However, the earthenware was not found in the tomb itself, and even if the carbonized material on the earthenware found at the bottom of the moat outside the designated mausoleum area is dated to the late third century, it does not represent the date of construction of the tomb, since there are remains from the Jomon to Kofun periods at the site where this tomb was excavated, and even if it were the late third century, it would be later than Himiko's death date.

Horse harness excavated from a ditch 
Although the "Wajinden" describes the absence of oxen and horses, harnesses (wooden stirrups) have been excavated from the Zhou shelter.

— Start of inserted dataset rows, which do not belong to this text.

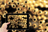 Tablet photography concept. Taking pictures on a tablet. Yellow gold pearl necklace macro abstract background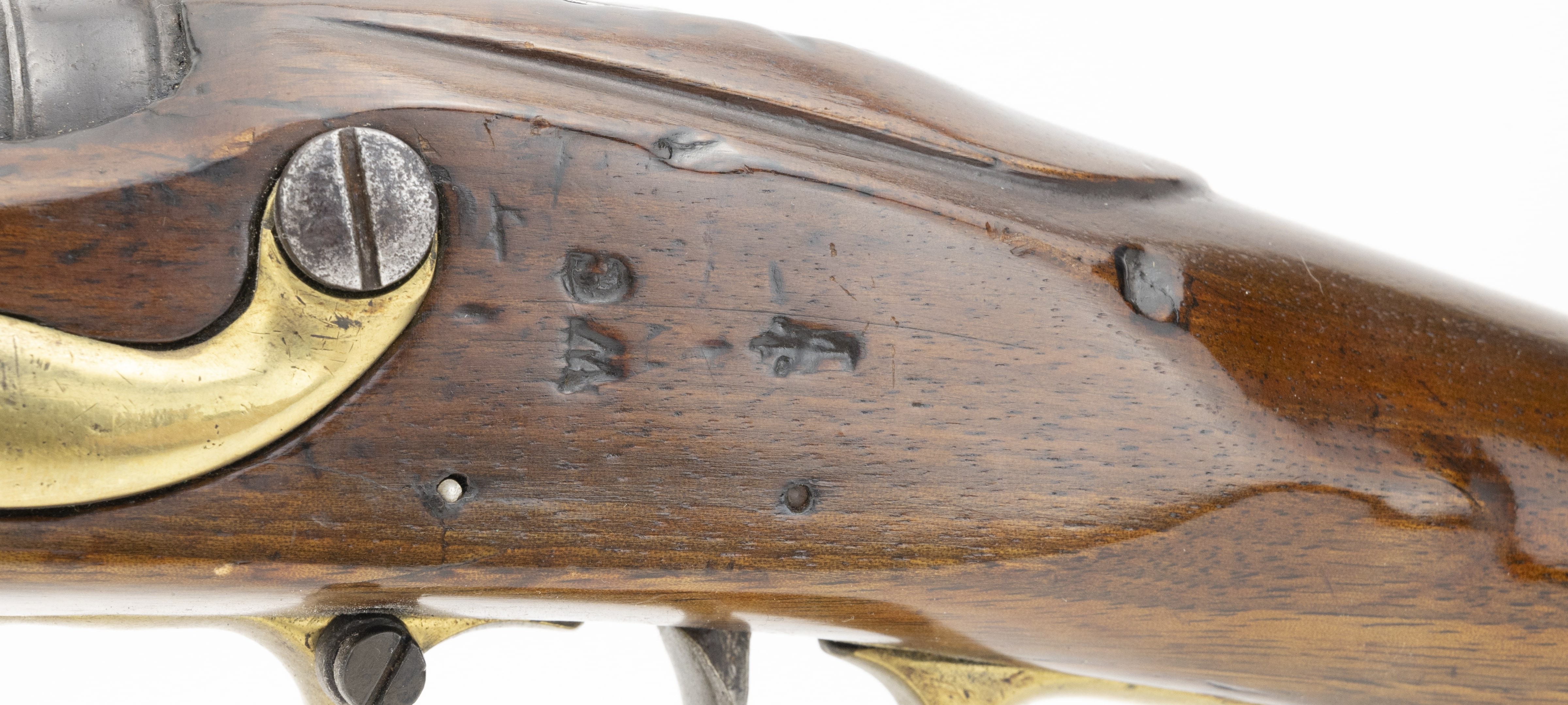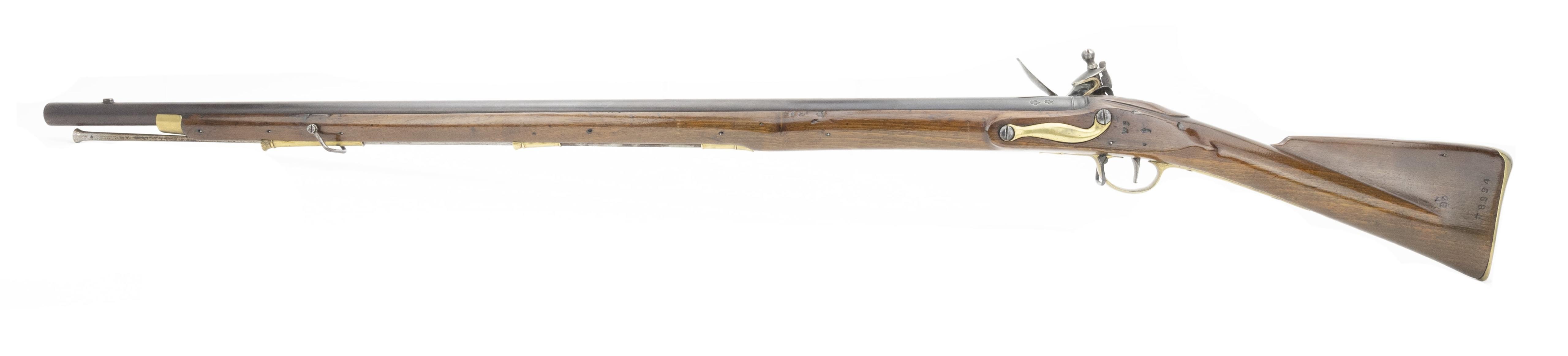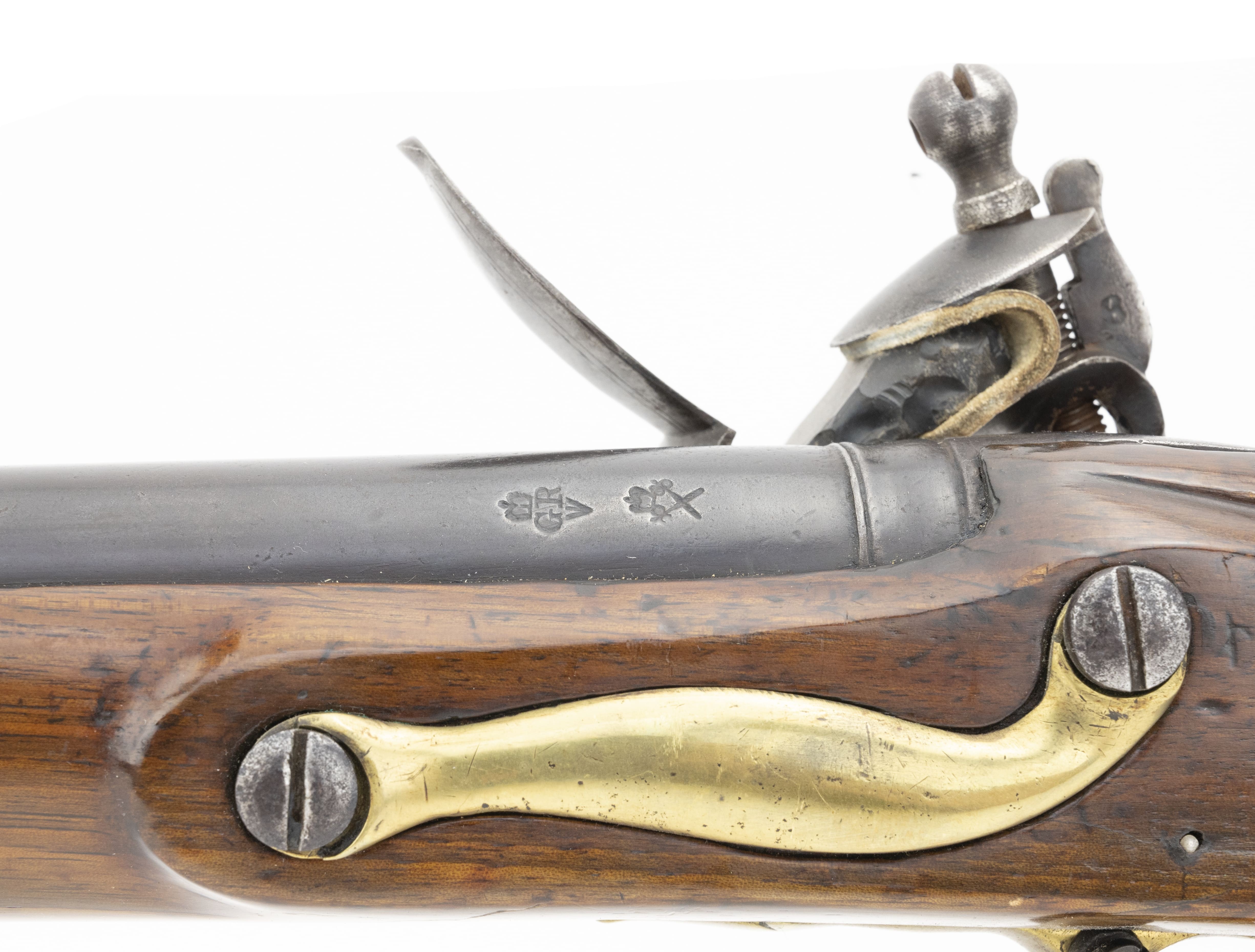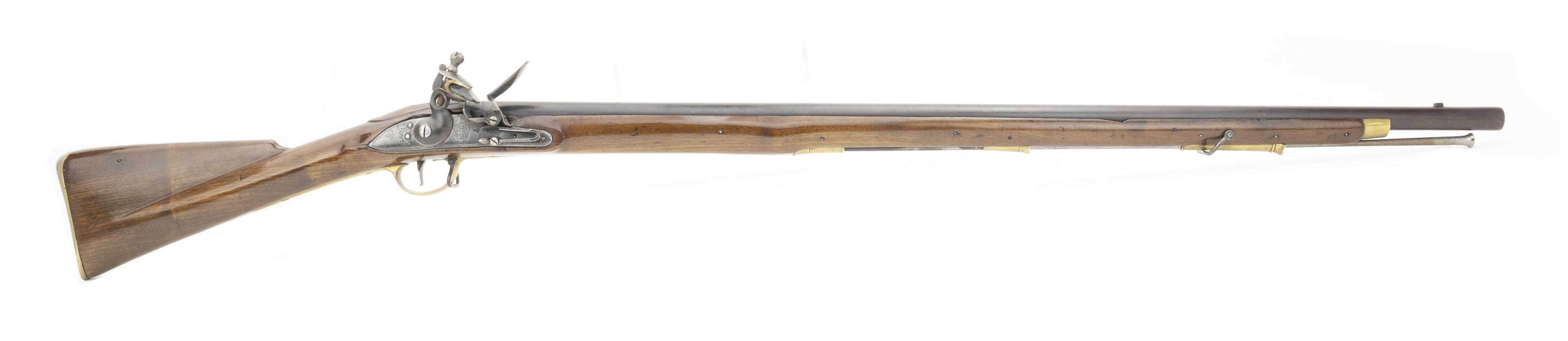 British 3rd Model Brown Bess Infantry .75 caliber musket. Circa early 19th Century 3rd Model Brown Bess was the primary British infantry musket during the Napoleonic Wars. The 39” round .75 caliber barrel has a very good smooth bore. Metal is very good overall with an even smooth blue/ brown patina. The wood, with added finish, is very good. Has old small chips at the top of the lock and rear of the top tang. Barrel has the expected military proof marks, and the lock has the crown/ GR with the Crown/ broad arrow to the right and Tower to the rear of the hammer. Stock has “WG” and an inspection stamp on the left flat opposite the lock. Left-side of the butt stock has the broad arrow/ Bo issue stamp and “T8994” stamped just above the butt plate. There are two inspection stamps just to the rear of the lower tang. “87” is stamped midway between the lower tang and butt plate. The sling swivels and cleaning rod are present. The action functions correctly. This is a very nice British military 3rd Model Brown Bess.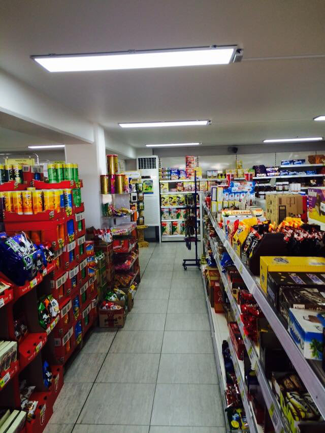 Project: Supermarket 500 SQM area two floors, high ceiling Customer: Requested a save energy air conditioning solution Solution: Installation of three solar floor standing air conditioners 42,000 BTU each for air stratification and aircurtains at the supermarket entrance.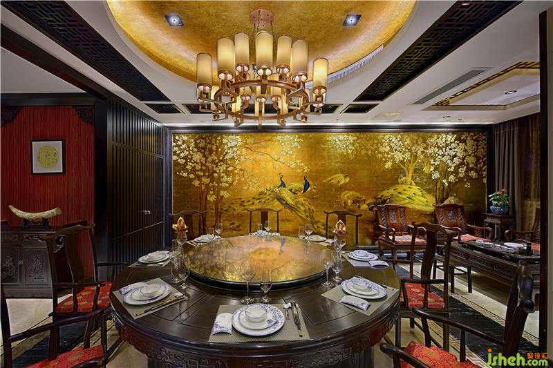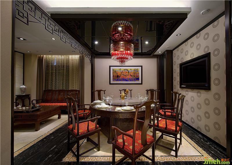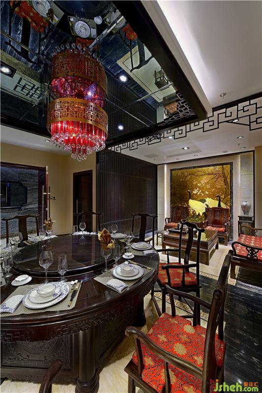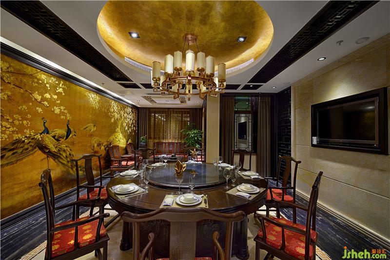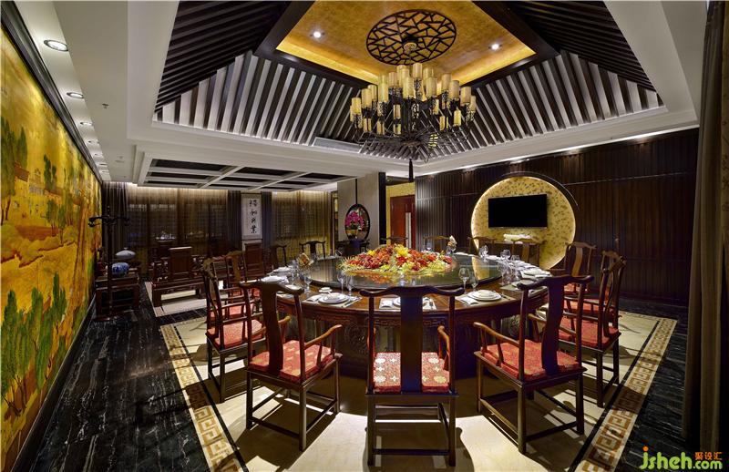 沿著黑色大理石樓梯緩步至二層,墻上實木窗格中裝飾的青花瓷盤創(chuàng)意獨到。它在深沉的色彩里投下一抹清明,一樓休閑平臺的山水畫卷屏風被燈光映襯的靈動、高貴,既啟到了中式設計手法中的虛實結(jié)合,又充分提升了空間的藝術(shù)氣息。至于二樓大大小小的包廂各有特色,或雍容典雅,或清麗脫俗。中庭兩側(cè)包廂是設計師重點打造的部分,用窗欞面對中庭,讓在此包廂中用餐的尊貴客戶,能透過中式窗花的窗子,看見貫穿的一二樓中庭空間,別有一番意境。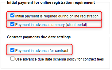 In the payment plan set up for upfront/paid in full contracts, the following settings must be used so that the upfront/paid in full contract can generate properly.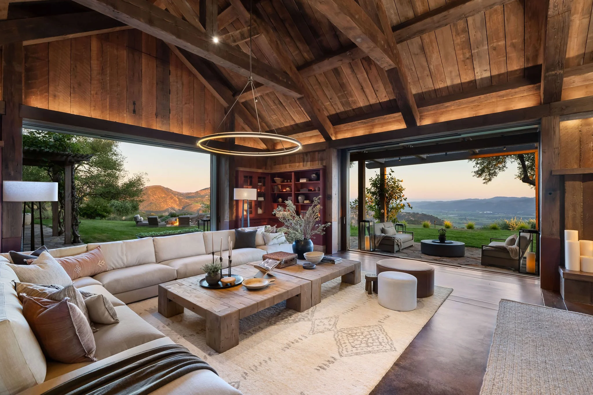At the center of the home is a grand dining room with seating for 14, flanked by two comfortable seating areas, all anchored by a signature oversized fireplace designed by Howard Backen, perfect for cozy evenings and special celebrations. Expansive sliding doors disappear into the walls, seamlessly blending indoor and outdoor living while framing sweeping views of the valley below.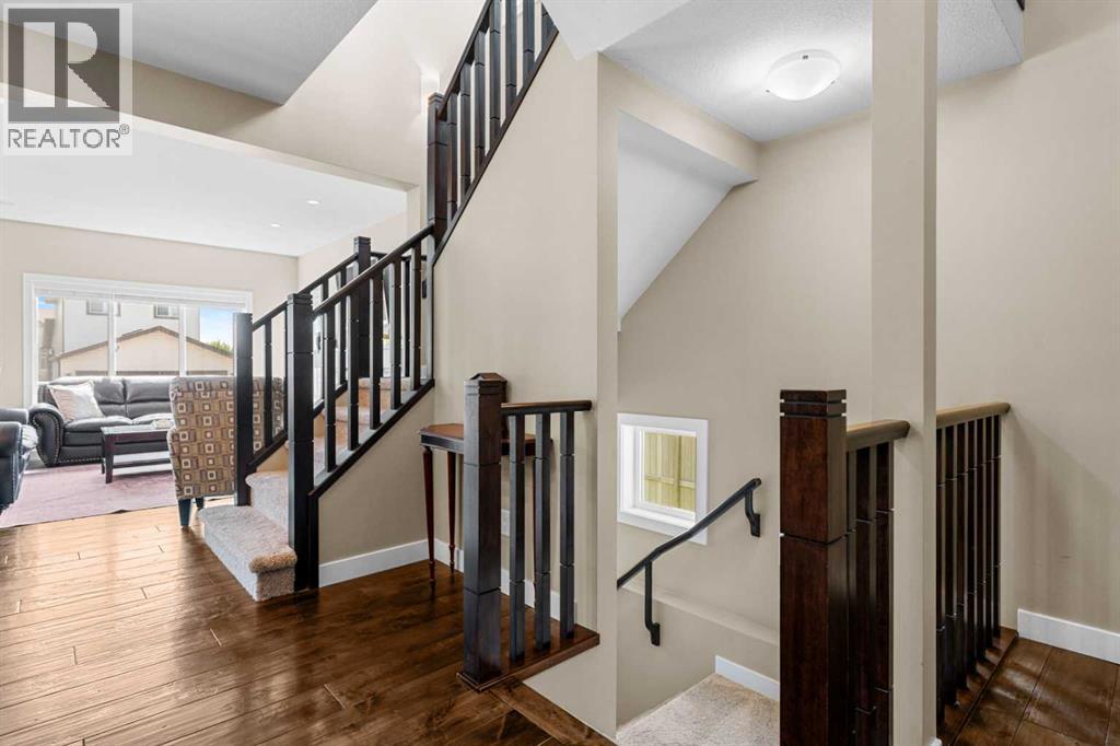 Welcome to this exceptional estate style home situated on an oversized corner lot, offering rare gated alley access for RV, boat, or trailer parking in addition to the double garage and front driveway. This beautifully upgraded property features a large, private south-facing backyard—perfect for relaxing or entertaining—with a spacious deck (stained 2025), built-in outdoor speakers, and a BBQ gas line ready for summer nights. Step inside and you’re greeted by a spacious foyer and show-stopping open-to-above staircase with upgraded solid wood railings. The main floor boasts gleaming hardwood floors, a chef-inspired kitchen with wood cabinetry, ample storage, stainless steel appliances, an eat-up bar, island and a walk-through pantry for added convenience. The open-concept living and dining space is warm and inviting, complete with a gas fireplace and direct access to the back deck while stepping through an expansive three-pane sliding glass door. Additional details of the main floor include coat closets at both entry points, and stylish 2-piece powder room. Upstairs, a spacious bonus room separates the serene primary retreat—with a walk-in closet and spa-like ensuite featuring a double vanity, soaker tub, and separate shower—from two generously sized bedrooms, a full 4-piece bathroom, and a dedicated laundry room with ample shelving for all your linens. The fully finished basement (developed by the builder to match the home’s high-end finishes) includes a custom bar, large rec/family room, an additional bedroom, another full bathroom, storage, and a generous mechanical room. Additional features include: Central air conditioning, Built-in speaker system (including outdoors), Bird irrigation system (front and back yard), Central vacuum, Water softener, Zoned HVAC for custom climate control on each floor, Tons of added windows for natural light throughout, all NEW exterior including the roof 2020, garage door repainted 2024, Garage sports Screen with Synthetic ice for t he sports enthusiasts. This home truly has it all—space, function, luxury, and lifestyle. Don’t miss your chance to own this one-of-a-kind property! (id:53676)

During the 109th excavation of the Garui Site conducted by the Sakurai City Board of Education in 2000, a wooden wheel stirrup (harness) was found in the upper layer of the overlying soil (plant layer) inside the moat. The Nunome I earthenware excavated at the same time dates it to the early fourth century, which may have contributed to the influx of equestrian culture into the Japanese archipelago and to the East Asia, the understanding of the spread of equestrian culture in the region is now older and more revised than before. The excavation is not directly related to the chronology of the construction of the tomb itself, since it was excavated from the soil layer deposited after the moat had ceased to function and had begun to be buried.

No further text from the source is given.